Implementation of Lucas-Kanade's
Optical Flow Algorithm on Graphics Processors using NVIDIA CUDA
Tuesday September 25, 2007
Hamerschlag Hall D-210
4:30 pm
Kevin Biswas
Carnegie Mellon University
General purpose computing with programmable graphics processing units
(GPUs) exhibits great potential to solve a wide variety of numerically
intensive problems significantly faster than conventional CPUs due to
the GPU's massively-parallel architecture and superior memory
bandwidth.

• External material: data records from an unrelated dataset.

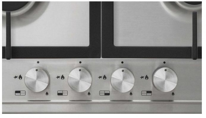 - Четыре горелки, включая WOK и двуконтурную конфорку, с функцией объединения зон и Booster для быстрого нагрева.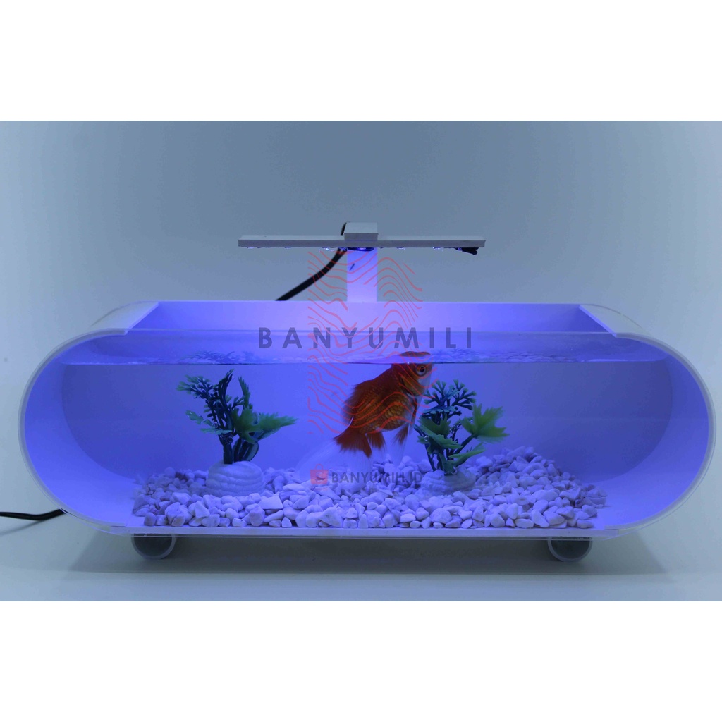 AQUARIUM / AKUARIUM MINI IKAN HIAS FULL SET , LAMPU LED + KERIKIL + TANAMAN HIAS
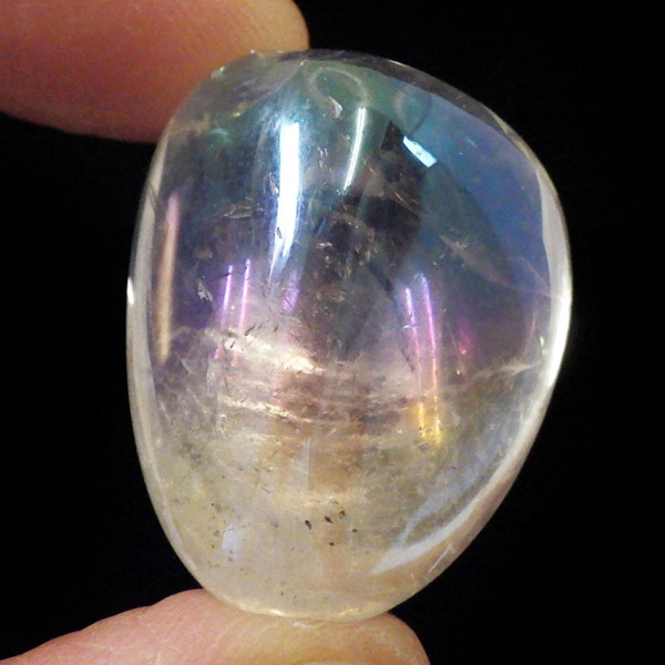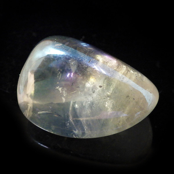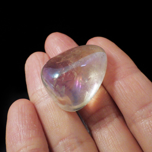 ブラジル産のアメジストオーラ、タンブルです。アメジストにオーラ加工を施しています。和名を「蒸着水晶」と付けられており、水晶に金属などを真空中の加熱により飛ばして表面に均一に焼き付ける処理を施しています。そのため、虹のような光沢が表れます。
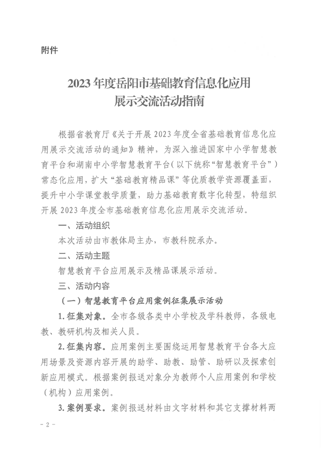 岳阳市教育体育局关于开展2023年度岳阳市基础教育信息化应用展示交流活动的通知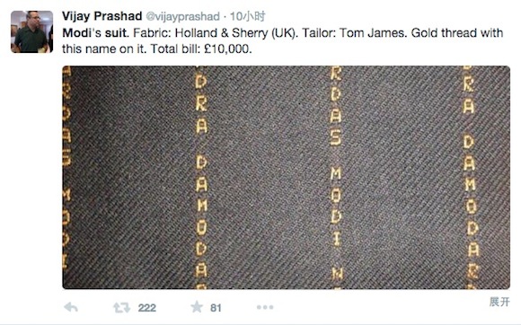 “莫迪的套装,布料:Holland & Sherry(英国)。制作: Tom James。金线绣字。价值10,000英镑。”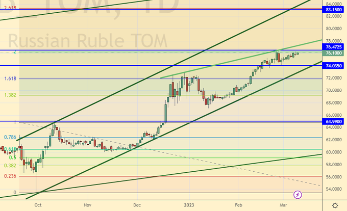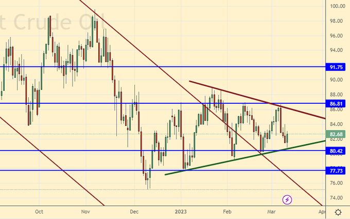 Сценарий роста: рассматриваем апрельский фьючерс, дата экспирации 21 марта. Если цены вырастут выше 81.50 откроем лонг. Пока остаемся вне рынка.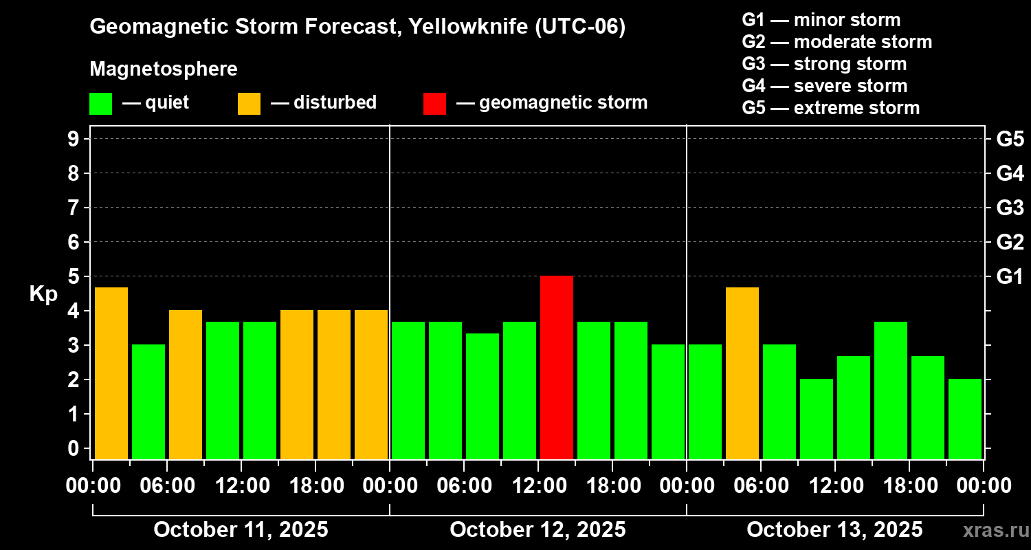 Geomagnetic storm forecast in Yellowknife for Oct 11, 2025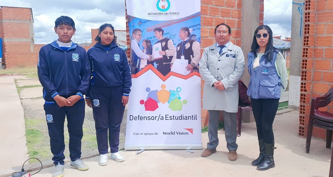 “Por instrucción del Defensor del Pueblo, Pedro Callisaya Aro, realizamos el acompañamiento al proceso democrático de elección de la Defensora y el Defensor Estudiantil (…) este proceso permite que niñas, niños y adolescentes ejerzan sus derechos a la participación y organización en un entorno de respeto, equidad y transparencia”, informó José León, responsable de la Unidad de Coordinación Regional de Desaguadero.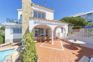 La villa esta divida en dos. Una es la casa principal la cual ofrece 4 dormitorios y 3 baños, una cocina estilo moderno y un luminoso salón que da salida a una terraza techada y a la piscina.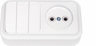 3В-РЦ-525 Выключатель тройной + розетка наружный. Беларусь. Напряжение: 220..250 В. Номинальный ток выключателя: 10 А. Номинальный ток розетки: 16 А. Частота тока: 50 Гц. Климатическое исполнение: УХЛ4. Степень защиты: IP20. Масса: 0.14 кг. Габаритные размеры: 117х65х29 мм. Установочные размеры: 97х47 мм. Сечение проводников выключателя: от 0,75 до 2,5 мм². Сечение проводников розетки: от 0,75 до 2,5 мм². ТУ РБ: 03968179.072-94. Материал крышки: Пластик ABS. Материал основания: Полиамид. Материал контактной группы: Латунь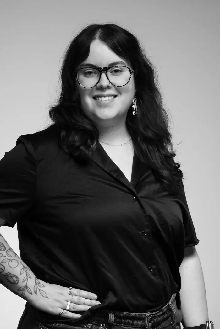Une femme aux longs cheveux noirs, aux lunettes et aux boucles d'oreilles à motifs sourit à la caméra. Elle porte une chemise boutonnée à manches courtes et a des tatouages sur l'avant-bras. La photo est en noir et blanc.

The primary challenge, however, has been to overcome the
constraints of working within a graphics programming environment and
harness the available computational power from the GPU. In early 2007,
NVIDIA released its Compute Unified Device Architecture (CUDA) platform,
a co-designed hardware and software architecture for issuing and
managing computations on the G80 GPU without the need of mapping them to
a graphics API.
As the programmability and associated programming tools for GPUs are
improving, more attention is being paid towards accelerating
compute-intensive algorithms in computer vision.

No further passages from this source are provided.